🤖 AI Summary
This work addresses the scarcity of high-quality, publicly available multimodal datasets in microservice systems, which has hindered research on anomaly detection and root cause analysis. To bridge this gap, the authors introduce AnoMod, a novel dataset constructed by injecting four types of anomalies—spanning performance, service, database, and code layers—into two open-source microservice benchmarks, SocialNetwork and TrainTicket. Concurrently, five modalities of system telemetry are collected: logs, metrics, distributed traces, API responses, and code coverage, enabling an end-to-end fault simulation environment.

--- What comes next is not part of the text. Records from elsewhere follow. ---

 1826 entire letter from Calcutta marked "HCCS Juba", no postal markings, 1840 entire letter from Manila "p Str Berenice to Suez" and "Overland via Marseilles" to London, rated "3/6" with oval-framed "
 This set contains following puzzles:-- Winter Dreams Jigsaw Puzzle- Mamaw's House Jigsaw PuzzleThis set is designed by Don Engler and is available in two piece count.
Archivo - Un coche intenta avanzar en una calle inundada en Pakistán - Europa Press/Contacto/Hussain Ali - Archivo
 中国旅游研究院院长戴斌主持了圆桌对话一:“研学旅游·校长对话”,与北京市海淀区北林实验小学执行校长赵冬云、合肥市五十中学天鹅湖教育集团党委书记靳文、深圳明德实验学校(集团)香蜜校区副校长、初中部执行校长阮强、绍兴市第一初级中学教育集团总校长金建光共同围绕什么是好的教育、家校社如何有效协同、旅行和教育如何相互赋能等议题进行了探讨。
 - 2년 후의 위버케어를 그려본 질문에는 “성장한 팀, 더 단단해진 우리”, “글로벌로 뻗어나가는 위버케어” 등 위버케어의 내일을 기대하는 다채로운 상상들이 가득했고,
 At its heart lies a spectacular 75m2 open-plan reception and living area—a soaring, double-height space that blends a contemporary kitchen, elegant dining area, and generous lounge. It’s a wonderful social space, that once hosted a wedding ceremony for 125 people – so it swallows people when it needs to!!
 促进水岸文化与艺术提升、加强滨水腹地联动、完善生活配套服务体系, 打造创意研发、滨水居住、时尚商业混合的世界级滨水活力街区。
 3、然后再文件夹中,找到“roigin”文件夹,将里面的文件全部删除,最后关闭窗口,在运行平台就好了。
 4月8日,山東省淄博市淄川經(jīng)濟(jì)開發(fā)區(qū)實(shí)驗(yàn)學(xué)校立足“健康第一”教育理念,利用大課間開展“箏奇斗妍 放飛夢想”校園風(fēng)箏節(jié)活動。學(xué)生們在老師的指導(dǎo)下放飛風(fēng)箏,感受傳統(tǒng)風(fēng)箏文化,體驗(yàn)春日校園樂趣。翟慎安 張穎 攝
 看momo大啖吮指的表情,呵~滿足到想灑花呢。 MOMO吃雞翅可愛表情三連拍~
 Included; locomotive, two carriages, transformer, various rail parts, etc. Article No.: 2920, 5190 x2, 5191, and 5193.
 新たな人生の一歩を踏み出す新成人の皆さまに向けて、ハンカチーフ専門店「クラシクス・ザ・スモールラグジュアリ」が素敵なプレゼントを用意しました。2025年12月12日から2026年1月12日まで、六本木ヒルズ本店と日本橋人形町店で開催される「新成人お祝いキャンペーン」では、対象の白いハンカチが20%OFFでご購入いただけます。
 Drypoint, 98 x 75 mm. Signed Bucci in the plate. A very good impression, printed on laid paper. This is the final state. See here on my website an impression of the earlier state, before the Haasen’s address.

AnoMod supports the evaluation of cross-modal anomaly detection approaches and facilitates fine-grained root cause localization at both service and code levels, thereby advancing end-to-end fault diagnosis in microservice architectures.
📝 Abstract
Microservice systems (MSS) have become a predominant architectural style for cloud services. Yet the community still lacks high-quality, publicly available datasets for anomaly detection (AD) and root cause analysis (RCA) in MSS. Most benchmarks emphasize performance-related faults and provide only one or two monitoring modalities, limiting research on broader failure modes and cross-modal methods. To address these gaps, we introduce a new multimodal anomaly dataset built on two open-source microservice systems: SocialNetwork and TrainTicket. We design and inject four categories of anomalies (Ano): performance-level, service-level, database-level, and code-level, to emulate realistic anomaly modes. For each scenario, we collect five modalities (Mod): logs, metrics, distributed traces, API responses, and code coverage reports, offering a richer, end-to-end view of system state and inter-service interactions. We name our dataset, reflecting its unique properties, as AnoMod. This dataset enables (1) evaluation of cross-modal anomaly detection and fusion/ablation strategies, and (2) fine-grained RCA studies across service and code regions, supporting end-to-end troubleshooting pipelines that jointly consider detection and localization.